#### Data extract:
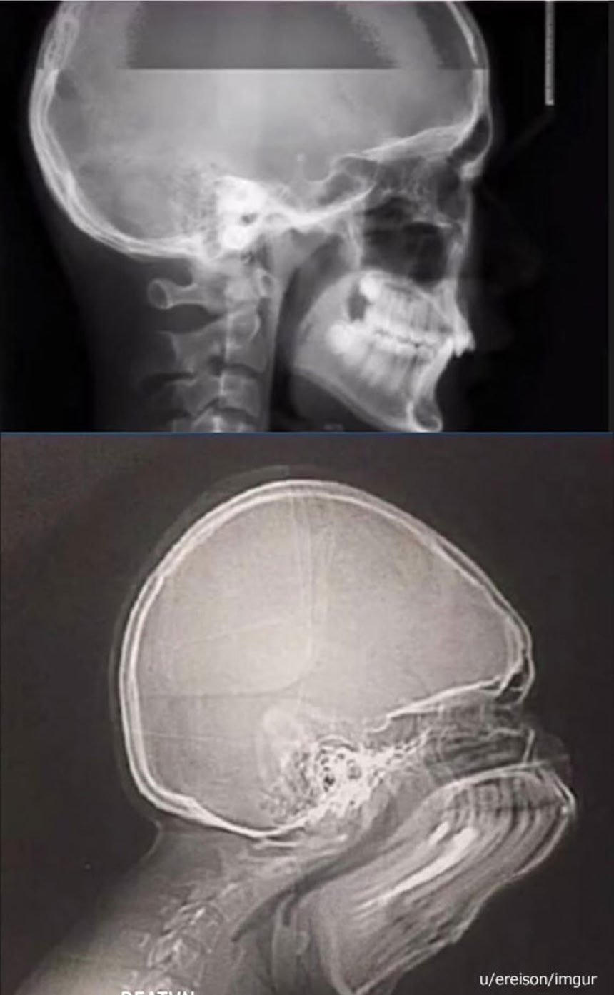 これからお見せする画像は頭部レントゲン撮影中にうっかりクシャミをしてしまったときのものだそうだ。もはや人というよりは、エイリアン…
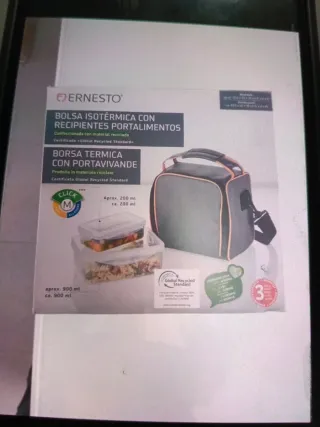 Práctica bolsa térmica ERNESTO con recipientes para llevar tus comidas. - Incluye dos recipientes: uno de 900 ml y otro de 200 ml. - Fabricada con material reciclado. - Certificada Global Recycled Standard.
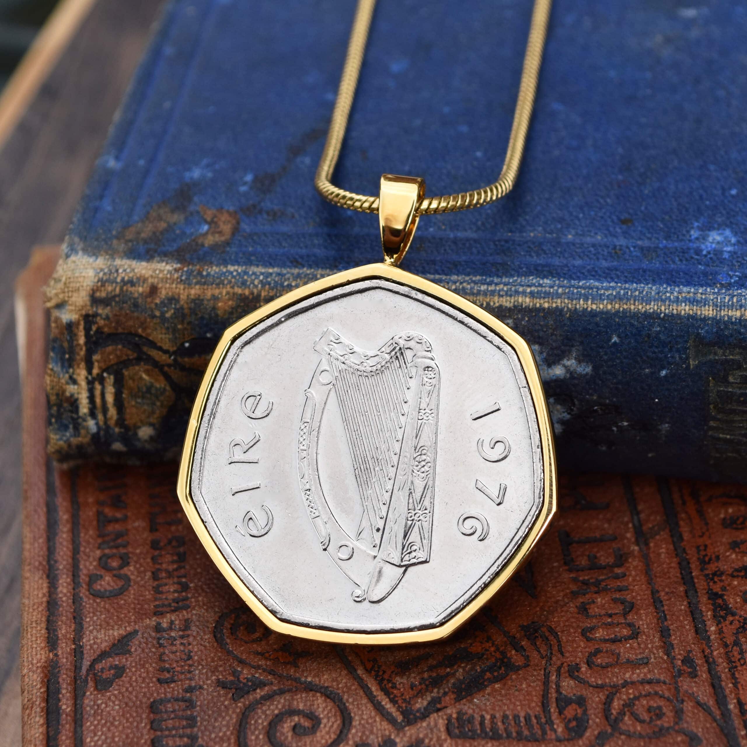 Outstanding quality coin necklaces made from genuine, highly polished Irish Fifty Pences minted in 1976. Whether the recipient of your gift was born or married in 1976 and you are shopping for a 49th birthday or anniversary gift, or it was a very special year for another reason, these necklaces make a very thoughtful and personalised gift.

#### Exercise description:
Every line from the one holding "Práctica bolsa térmica" through the final line of the data above is to be reproduced exactly, both ends included, with the pictures left out.

#### Written answer:
 Práctica bolsa térmica ERNESTO con recipientes para llevar tus comidas. - Incluye dos recipientes: uno de 900 ml y otro de 200 ml. - Fabricada con material reciclado. - Certificada Global Recycled Standard.
 Outstanding quality coin necklaces made from genuine, highly polished Irish Fifty Pences minted in 1976. Whether the recipient of your gift was born or married in 1976 and you are shopping for a 49th birthday or anniversary gift, or it was a very special year for another reason, these necklaces make a very thoughtful and personalised gift.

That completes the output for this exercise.